(Stored entries)
======

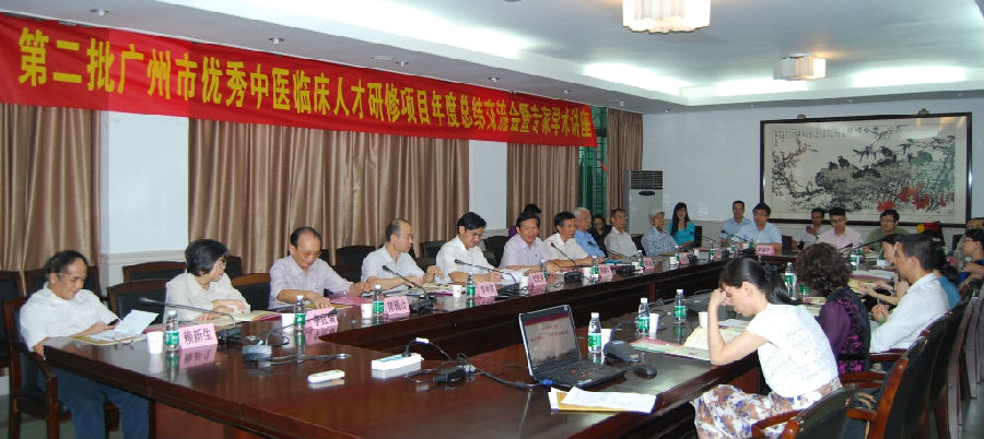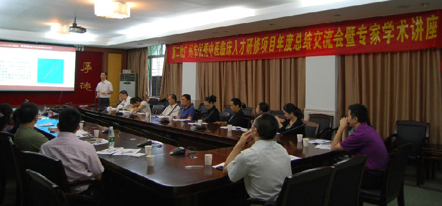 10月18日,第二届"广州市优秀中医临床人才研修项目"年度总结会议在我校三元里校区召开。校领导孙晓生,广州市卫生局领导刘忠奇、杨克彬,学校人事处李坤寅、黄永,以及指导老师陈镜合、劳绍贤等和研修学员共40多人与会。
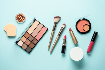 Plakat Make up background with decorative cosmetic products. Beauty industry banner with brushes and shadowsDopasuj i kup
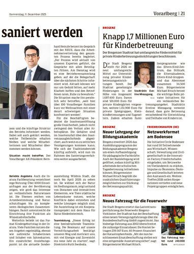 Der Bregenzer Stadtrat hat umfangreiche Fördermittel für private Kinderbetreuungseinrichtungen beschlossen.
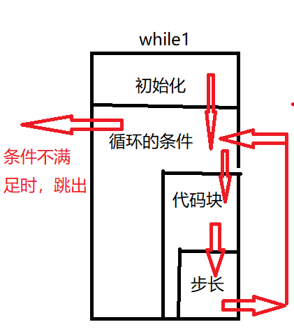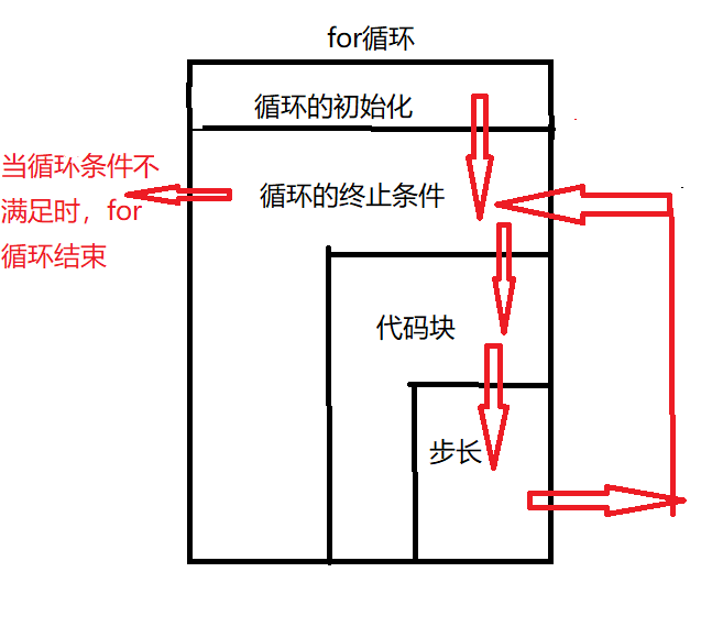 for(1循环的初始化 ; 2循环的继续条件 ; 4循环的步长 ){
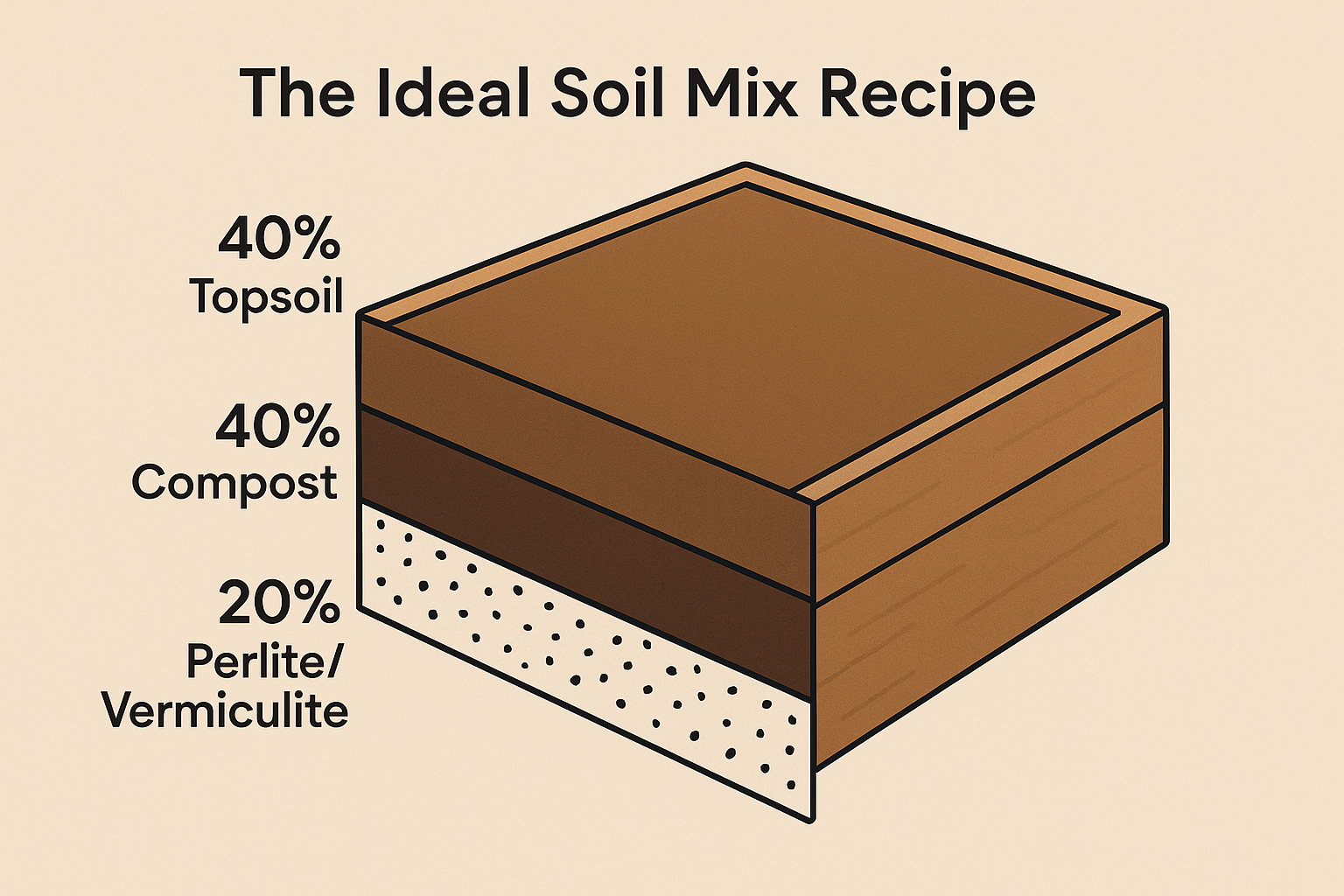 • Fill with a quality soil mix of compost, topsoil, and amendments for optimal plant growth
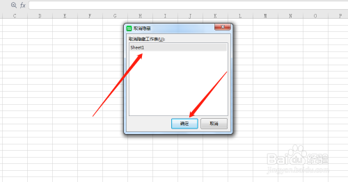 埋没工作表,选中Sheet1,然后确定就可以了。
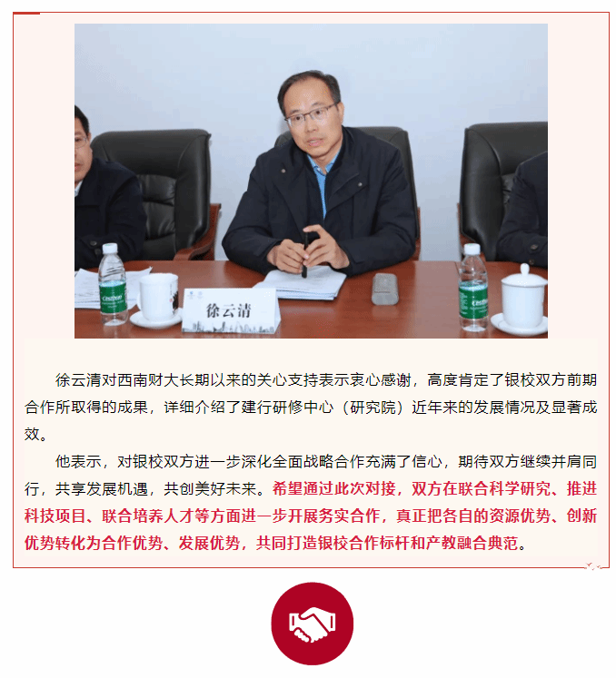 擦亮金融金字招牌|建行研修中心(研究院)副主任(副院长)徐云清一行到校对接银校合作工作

======

With the pictures removed, copy the data above word for word.

> **Answer space**:
 10月18日,第二届"广州市优秀中医临床人才研修项目"年度总结会议在我校三元里校区召开。校领导孙晓生,广州市卫生局领导刘忠奇、杨克彬,学校人事处李坤寅、黄永,以及指导老师陈镜合、劳绍贤等和研修学员共40多人与会。
 Plakat Make up background with decorative cosmetic products. Beauty industry banner with brushes and shadowsDopasuj i kup
 Der Bregenzer Stadtrat hat umfangreiche Fördermittel für private Kinderbetreuungseinrichtungen beschlossen.
 for(1循环的初始化 ; 2循环的继续条件 ; 4循环的步长 ){
 • Fill with a quality soil mix of compost, topsoil, and amendments for optimal plant growth
 埋没工作表,选中Sheet1,然后确定就可以了。
 擦亮金融金字招牌|建行研修中心(研究院)副主任(副院长)徐云清一行到校对接银校合作工作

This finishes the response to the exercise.